We are using the model organism Caenorhabditis elegans and comparing both known mutants and natural isolates with the reference strain PD1074. We collaborate with Erik Anderson on C. elegans and Lauren McIntyre on study design and biostatistics. The conceptual steps that we use in this project are:
- Use high-resolution LC-MS to compare a mutant with PD1074. We use both Thermo Q-Exactive HF Orbitrap and 12 T Bruker Solerix FT-ICR. We collaborate on this with Facundo Fernandez, Jon Amster, Franklin Leach, and Frank Schroeder.
- Peaks that change intensity between mutant and PD1074 and do not match databases will be further analyzed.
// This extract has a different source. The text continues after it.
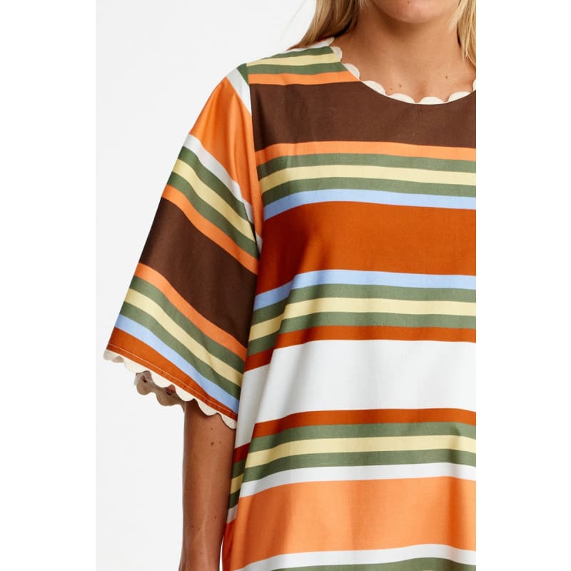 THOROUGHBRED. Born to run. Out the door. One of our best sellers is back better than ever. Crispiest 100% cotton poplin, this maxi shift dress combines bold, beachside stripes with ye olde Binny favourite ric rac trim. Side splits and pockets keep it practical, while the belt lets you pull yourself together. Into a more tailored silhouette. A guaranteed photo finish. Winner takes all.

- From the accurate m/z values, we can determine the molecular formula
- From the molecular formula, we will attempt to enumerate as many possible molecules as possible using resources such as chemspider.
- Each of the possible structures will be computed by high-level quantum mechanical techniques developed by our collaborator, Kennie Merz.
- We will then compare computed and experimental NMR chemical shifts by adapting an approach called SUMMIT developed by the Bruschweiler lab.
- The experimental NMR data will be obtained by making a fraction library of C. elegans PD1074 reference material. Each HPLC fraction will be analyzed by both NMR and LC-MS, and we will associate unknown LC-MS peaks with NMR data and their retention time.